**Record excerpts**
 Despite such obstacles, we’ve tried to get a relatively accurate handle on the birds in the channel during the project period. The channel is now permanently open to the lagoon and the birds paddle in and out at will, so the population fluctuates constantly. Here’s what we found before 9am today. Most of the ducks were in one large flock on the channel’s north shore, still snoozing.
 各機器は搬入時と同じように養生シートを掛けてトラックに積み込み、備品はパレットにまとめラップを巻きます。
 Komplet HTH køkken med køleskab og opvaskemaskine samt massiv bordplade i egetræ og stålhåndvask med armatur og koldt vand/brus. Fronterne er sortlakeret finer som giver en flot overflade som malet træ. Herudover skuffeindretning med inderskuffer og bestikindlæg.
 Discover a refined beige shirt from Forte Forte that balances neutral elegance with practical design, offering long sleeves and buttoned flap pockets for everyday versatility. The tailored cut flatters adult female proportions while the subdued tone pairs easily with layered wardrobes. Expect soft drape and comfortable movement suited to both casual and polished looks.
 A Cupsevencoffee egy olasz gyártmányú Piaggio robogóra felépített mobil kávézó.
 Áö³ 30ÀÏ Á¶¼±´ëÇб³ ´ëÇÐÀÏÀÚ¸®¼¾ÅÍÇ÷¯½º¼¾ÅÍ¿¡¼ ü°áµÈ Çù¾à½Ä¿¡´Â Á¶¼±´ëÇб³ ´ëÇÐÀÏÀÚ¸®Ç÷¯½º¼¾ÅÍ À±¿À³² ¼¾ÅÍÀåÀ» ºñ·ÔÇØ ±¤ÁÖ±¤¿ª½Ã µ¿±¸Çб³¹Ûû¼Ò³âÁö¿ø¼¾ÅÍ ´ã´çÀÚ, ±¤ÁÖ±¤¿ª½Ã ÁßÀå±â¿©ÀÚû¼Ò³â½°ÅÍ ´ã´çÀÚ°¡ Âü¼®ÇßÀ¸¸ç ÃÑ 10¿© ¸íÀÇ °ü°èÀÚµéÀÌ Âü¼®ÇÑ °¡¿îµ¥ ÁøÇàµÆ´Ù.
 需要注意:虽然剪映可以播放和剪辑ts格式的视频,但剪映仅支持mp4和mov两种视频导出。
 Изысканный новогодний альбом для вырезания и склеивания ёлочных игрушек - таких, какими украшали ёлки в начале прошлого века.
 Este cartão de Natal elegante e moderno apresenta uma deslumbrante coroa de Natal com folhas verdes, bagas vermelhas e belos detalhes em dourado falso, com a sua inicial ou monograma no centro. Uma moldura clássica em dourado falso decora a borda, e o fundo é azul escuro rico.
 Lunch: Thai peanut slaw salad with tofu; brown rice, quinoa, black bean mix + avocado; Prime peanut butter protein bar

**Work required**
I'd like all of the entries written out again exactly as they appear above.

**Solution for this task**
 Despite such obstacles, we’ve tried to get a relatively accurate handle on the birds in the channel during the project period. The channel is now permanently open to the lagoon and the birds paddle in and out at will, so the population fluctuates constantly. Here’s what we found before 9am today. Most of the ducks were in one large flock on the channel’s north shore, still snoozing.
 各機器は搬入時と同じように養生シートを掛けてトラックに積み込み、備品はパレットにまとめラップを巻きます。
 Komplet HTH køkken med køleskab og opvaskemaskine samt massiv bordplade i egetræ og stålhåndvask med armatur og koldt vand/brus. Fronterne er sortlakeret finer som giver en flot overflade som malet træ. Herudover skuffeindretning med inderskuffer og bestikindlæg.
 Discover a refined beige shirt from Forte Forte that balances neutral elegance with practical design, offering long sleeves and buttoned flap pockets for everyday versatility. The tailored cut flatters adult female proportions while the subdued tone pairs easily with layered wardrobes. Expect soft drape and comfortable movement suited to both casual and polished looks.
 A Cupsevencoffee egy olasz gyártmányú Piaggio robogóra felépített mobil kávézó.
 Áö³ 30ÀÏ Á¶¼±´ëÇб³ ´ëÇÐÀÏÀÚ¸®¼¾ÅÍÇ÷¯½º¼¾ÅÍ¿¡¼ ü°áµÈ Çù¾à½Ä¿¡´Â Á¶¼±´ëÇб³ ´ëÇÐÀÏÀÚ¸®Ç÷¯½º¼¾ÅÍ À±¿À³² ¼¾ÅÍÀåÀ» ºñ·ÔÇØ ±¤ÁÖ±¤¿ª½Ã µ¿±¸Çб³¹Ûû¼Ò³âÁö¿ø¼¾ÅÍ ´ã´çÀÚ, ±¤ÁÖ±¤¿ª½Ã ÁßÀå±â¿©ÀÚû¼Ò³â½°ÅÍ ´ã´çÀÚ°¡ Âü¼®ÇßÀ¸¸ç ÃÑ 10¿© ¸íÀÇ °ü°èÀÚµéÀÌ Âü¼®ÇÑ °¡¿îµ¥ ÁøÇàµÆ´Ù.
 需要注意:虽然剪映可以播放和剪辑ts格式的视频,但剪映仅支持mp4和mov两种视频导出。
 Изысканный новогодний альбом для вырезания и склеивания ёлочных игрушек - таких, какими украшали ёлки в начале прошлого века.
 Este cartão de Natal elegante e moderno apresenta uma deslumbrante coroa de Natal com folhas verdes, bagas vermelhas e belos detalhes em dourado falso, com a sua inicial ou monograma no centro. Uma moldura clássica em dourado falso decora a borda, e o fundo é azul escuro rico.
 Lunch: Thai peanut slaw salad with tofu; brown rice, quinoa, black bean mix + avocado; Prime peanut butter protein bar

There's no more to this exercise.